Gowing was born at Cranley Hall, Eye, Suffolk, England, and was the eldest son of 10 children of Ellis Symonds Gowing, a farmer, and his wife Charlotte Lancaster. At 24 years of age, Gowing emigrated to Sydney with £400 on the American ship, the Commonwealth. A year later, his parents and siblings followed him to Australia.

On arrival in Sydney, Gowing worked on the harbour in a maritime warehouse. Soon after, he commenced working in retail with David Jones. He rose to be in charge of the mercery department and lived above the store, as was common in the era.

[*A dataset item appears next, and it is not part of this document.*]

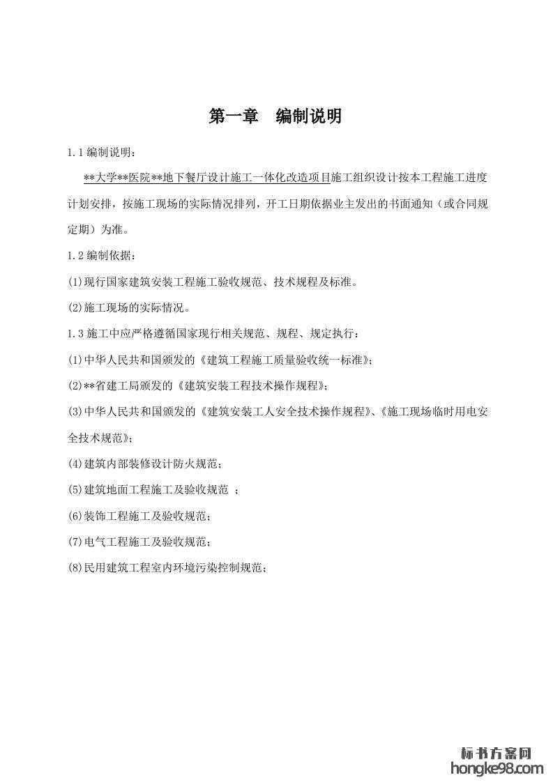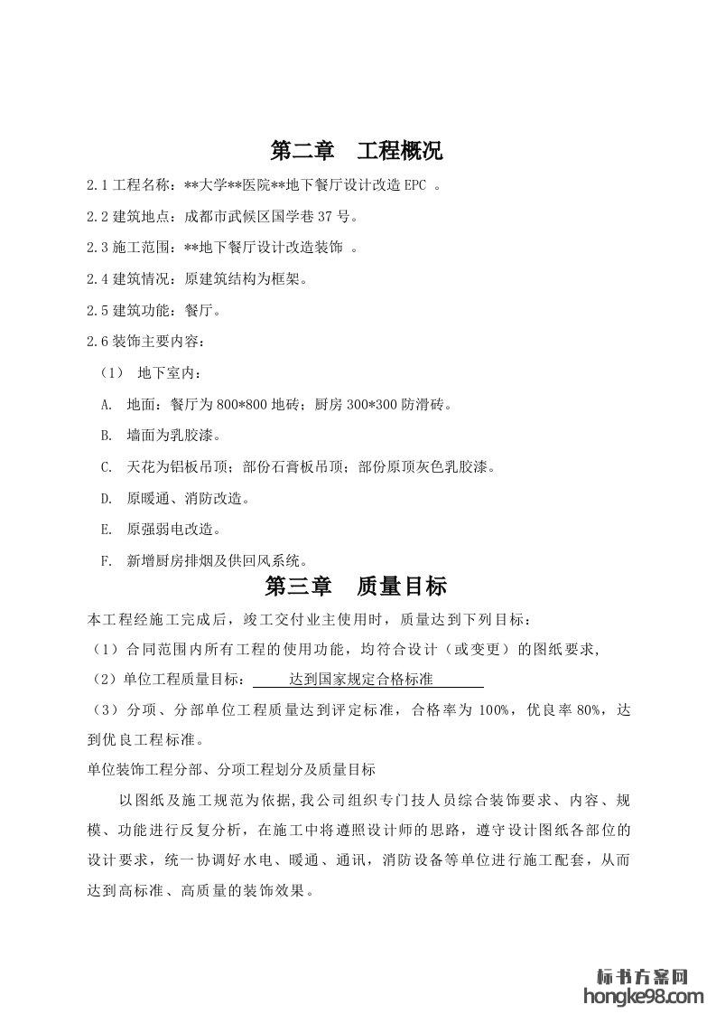 标题:地下餐厅EPC施工组织设计(158页)
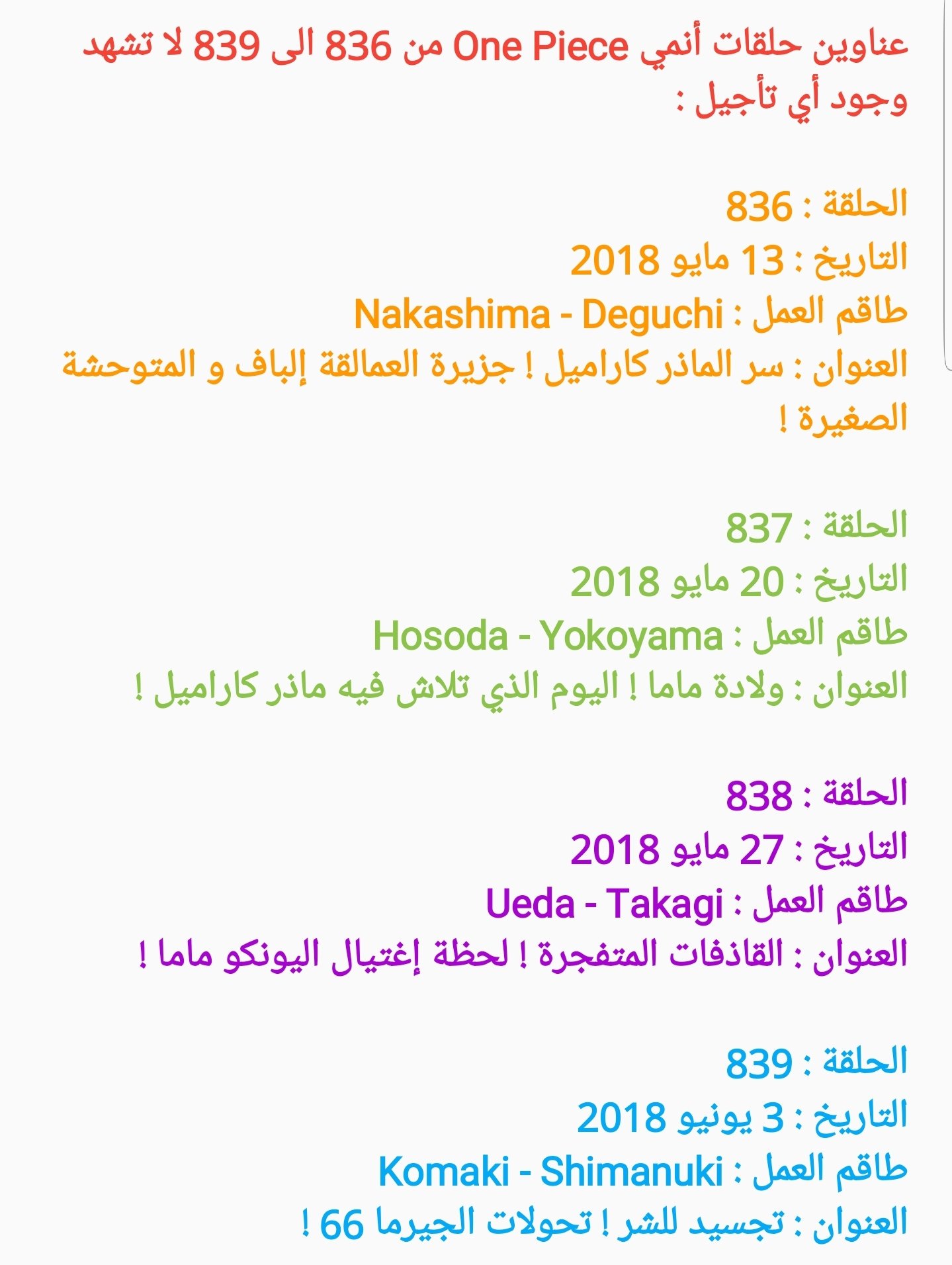 Emunopla V Twitter عناوين حلقات أنمي One Piece من 836 إلى 839

Gowing opened a drapery business on Crown Street, East Sydney, in 1863. Five years later, he and his younger brother, Preston Robert Gowing (1839–1900), opened the Mercery and Glove Depot in George Street, Sydney. John Gowing managed the store for £200 per year and a half share of the profits. The business prospered, and in 1864, a mercery warehouse, Edinburgh House, was opened. In 1878, his brother left employment as manager of another outfitter and joined Gowings. In time, ladies' gloves and silk umbrellas became less important, and Gowings became known as a high-class gentleman's outfitter. Preston Gowing predeceased his brother, and in 1907, John Gowing transferred the business to his nephew and elder sons. John Gowing's son, Preston Gowing, became chairman and ushered in a new era for the department store.

==Death==
In 1908, Gowing died at his home, Lyndhurst, Middleton Street, Stanmore. He was survived by his wife, Elizabeth, who had been a milliner in her native Cambridgeshire, and eight children. His funeral service was held at All Saints' Anglican Church, Petersham, before his masonic burial at Rookwood. Gowing was a prominent mason and a founder of the Royal Arch Masonic Lodge, Petersham.